Hélder Bértolo, presidente da Opus Diversidades, explica que “quando falamos em igrejas evangélicas, que estão muito ligadas a movimentos de extrema-direita, tanto nos Estados Unidos como no Brasil e em Portugal, há uma grande normalização da intolerância”. Segundo o ativista, isso deve-se a uma interpretação “muito fechada” da Bíblia. É por isso que lhe custa “quando as pessoas utilizam a palavra de Deus para justificar tirarem direitos às pessoas em vez de as aceitarem”. Para alguns acredita que não passa de “fanatismo”, mas para outros entende que há um benefício financeiro: “Claro que as igrejas ganham com isso.
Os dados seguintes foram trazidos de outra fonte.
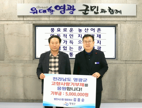 [¹Ìµð¾îÀü³² Á¦°¥´ëÁ¾ ±âÀÚ]¹üÁø½Ã½ºÅÛ ±èÈï¼ø ´ëÇ¥°¡ Áö³ 27ÀÏ ¿µ±¤±ºÀ» ¹æ¹®ÇÏ¿© °íÇâ»ç¶û±âºÎ±Ý ÃÖ°í¾×ÀÎ 5¹é¸¸ ¿øÀ» ±âºÎÇÏ¿© ¿µ±¤±º °íÇâ»ç¶û±âºÎ¿¡ µ¿ÂüÇß´Ù. ¼³¸³ 34³â°¸¦ ¸ÂÀÌÇÑ ¹üÁø½Ã½ºÅÛÀº ÀÚµ¿³»ó, ½½·§, ȯ±â½Ã¼³, Á¾°è¡¦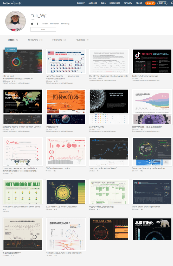 At the year of 2019 Tableau came into my life and I just fell in love with it. Gradually Tableau became a tool for me to explore the world and express my thoughts. And I soon began to output some work. I really hope that I can create more visualizations, to distil the data, information, and knowledge into beautiful, useful graphics and diagrams and make them into impactful, just as the following picture shows.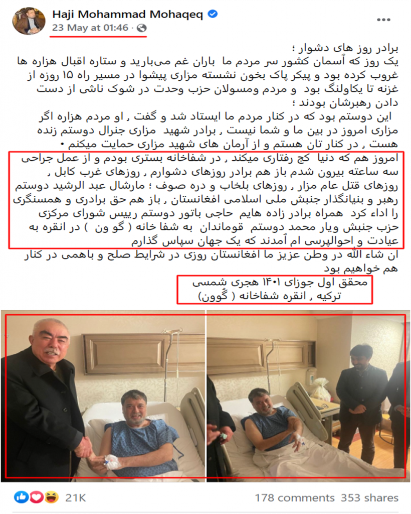 بر اساس یافتههای فاکتکریسیندو در حال حاضر عبدالرشید دوستم، معاون پیشین ریاست جمهوری و رهبر حزب جنبش ملی اسلامی افغانستان در کشور ترکیه است. حضور آقای دوستم در کشور ترکیه را محمد محقق، رهبر حزب وحدت اسلامی افغانستان تایید کرده است. محمد محقق در تازهترین یادداشت فیسبوکی خود که در ۲۳ می ۲۰۲۲ میلادی منتشر کرد، گفته است که عبدالرشید دوستم، باتور دوستم و یارمحمد دوستم در شفاخانه گوون در شهر انکارای ترکیه به عیادت او آمدهاند. دیدار این دو شخصیت سیاسی در حالی صورت گرفته که آقای محقق یک عمل جراحی را در آن شفاخانه سپری کرده است.

Se nós dissermos que independentemente de a pessoa pecar Deus perdoa tudo, provavelmente a pessoa não fica na igreja a pagar o dízimo”. Por outro lado, Hélder sublinha que "maior parte dos praticantes que perpetram estes comportamentos não tem maldade”, mas “aceita aquilo como verdade inquestionável e acha que amar é ser assim”. “É cumprir a palavra de Deus e se tiverem de pôr o filho e a filha fora de casa põem”.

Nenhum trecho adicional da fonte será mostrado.